— Exercise directions —
Omit all pictures, and print word for word only the lines from the one containing "Blusa tirantes naranja" through the end of the data.

— Data extract —
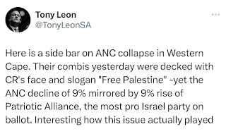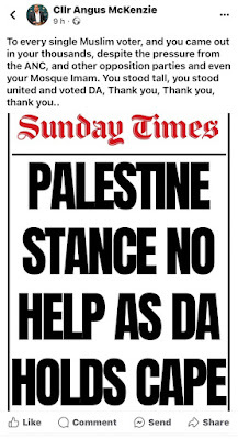I maintain that no believer with even the lightest conscience could havehappily voted ANC. Even a vote for the Zionist DA would have been betterbecause at least they have shown accountability in their governance of the WesternCape, so a vote for them would have been a vote for South Africa , even if itwas a vote against our beloved Palestinian people (yes, that’s an unpopularopinion, and you can lynch me for it later).
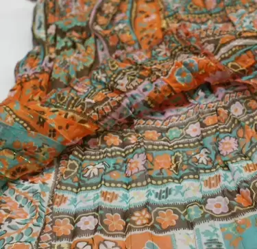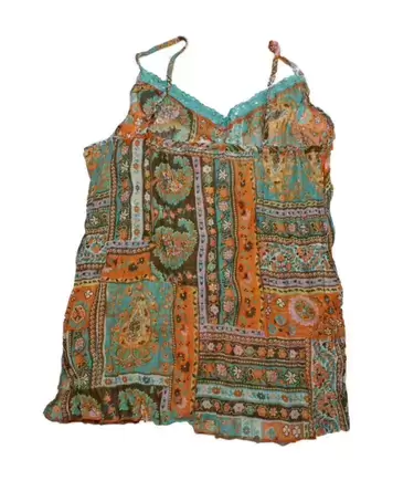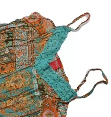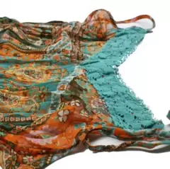 Blusa tirantes naranja y azul Talla S. Blusa tirantes en tonos café, naranja, azul etc con flores, tiene encaje azul claro en el cuello es tipo V, tela fresca y tipo bohemia. Excelente para primavera verano.
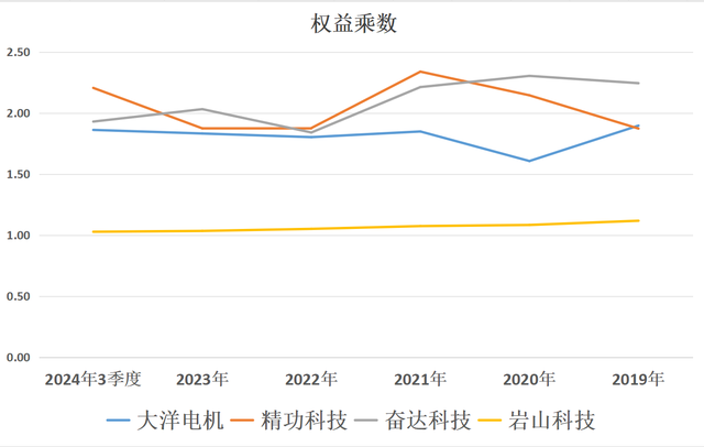 财务杠杆:精功科技>奋达科技>大洋电机>岩山科技
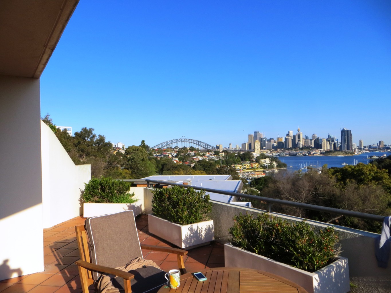 The lobby is really modern and swish. As soon as I walked through the door into the apartment the amazing view struck me. 180 degree views of Sydney harbour through floor to ceiling windows! It’s on the top floor with a huge wrap round balcony. The layout is ideal. I can see the harbour bridge from my bedroom! The location is great. Right above the train station with cafes, supermarket and chemist etc downstairs. No train noise. Lovely bush walks and harbour views on the doorstep. I couldn’t have imagined finding such a great place!

— Exercise output —
 Blusa tirantes naranja y azul Talla S. Blusa tirantes en tonos café, naranja, azul etc con flores, tiene encaje azul claro en el cuello es tipo V, tela fresca y tipo bohemia. Excelente para primavera verano.
 财务杠杆:精功科技>奋达科技>大洋电机>岩山科技
 The lobby is really modern and swish. As soon as I walked through the door into the apartment the amazing view struck me. 180 degree views of Sydney harbour through floor to ceiling windows! It’s on the top floor with a huge wrap round balcony. The layout is ideal. I can see the harbour bridge from my bedroom! The location is great. Right above the train station with cafes, supermarket and chemist etc downstairs. No train noise. Lovely bush walks and harbour views on the doorstep. I couldn’t have imagined finding such a great place!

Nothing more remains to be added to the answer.